17 Helena Bolina, Razão de Ser, Significado e Consequências do Princípio da Presunção de inocência, Boletim da Faculdade de Direito, 70, 1994, pp. 433.

18 Jorge de Figueiredo Dias, Direito Processual Penal, pp. 215.

19 Negrito por nós acrescentado para assinalar a referência expressa que o tribunal fez aos factos relativos às condições pessoais do arguido constantes dos pontos 33 e 34.

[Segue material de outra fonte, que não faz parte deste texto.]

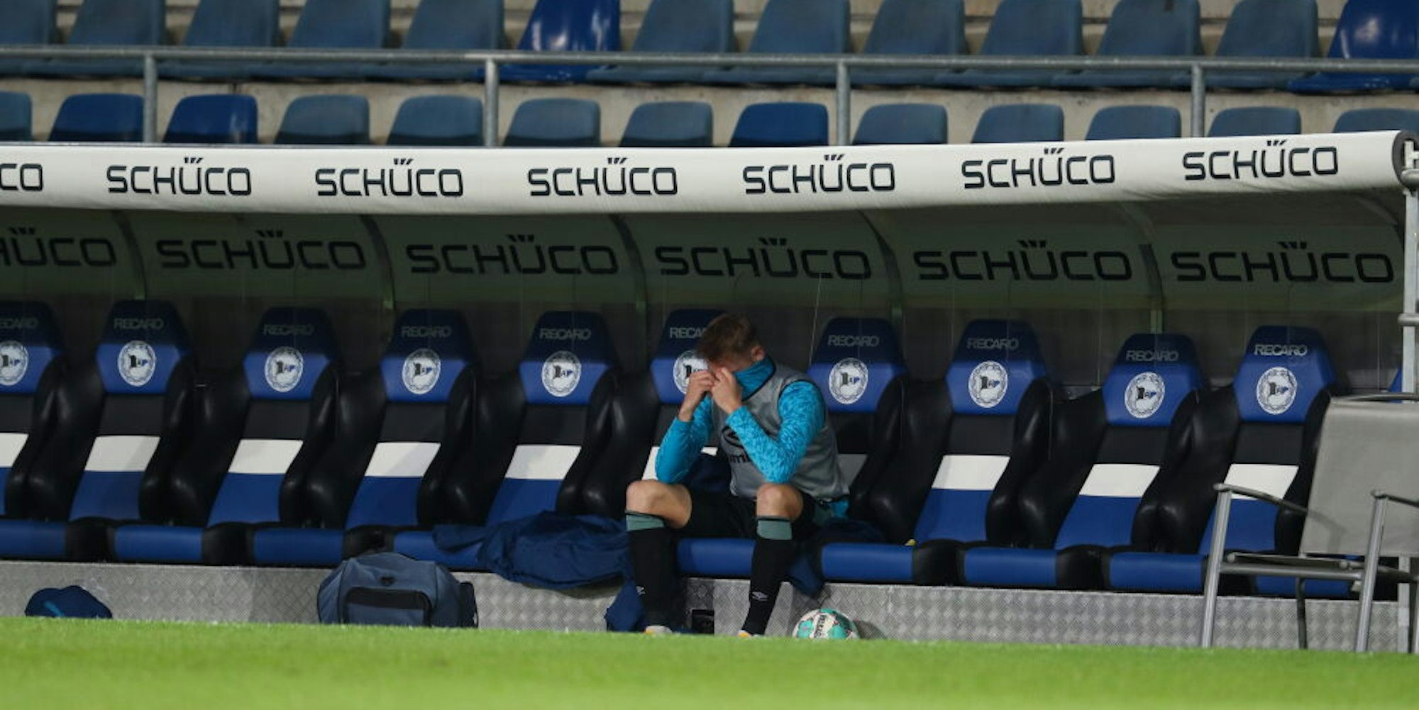 Das Aus am 30. Spieltag gegen Arminia Bielefeld: Schalkes Abwehrspieler Timo Becker sitzt nach dem Schlusspfiff allein auf der Bank.

20 Consignou-se a este propósito no ponto 31. que: “31.Ao agir do modo supra descrito, o Arguido quis maltratar física e psicologicamente, ofendendo a liberdade e autodeterminação sexual da Ofendida DD, ao longo de quase todo período em que se relacionaram, como efetivamente maltratou, bem como pretendeu, com tais expressões e condutas amedrontá-la, o que conseguiu, originando-lhe um medo constante das suas reações, como medo daquilo que o Arguido pudesse vir a fazer no futuro, contra a sua integridade física ou a sua vida, bem como humilhando-a na sua honra e consideração.”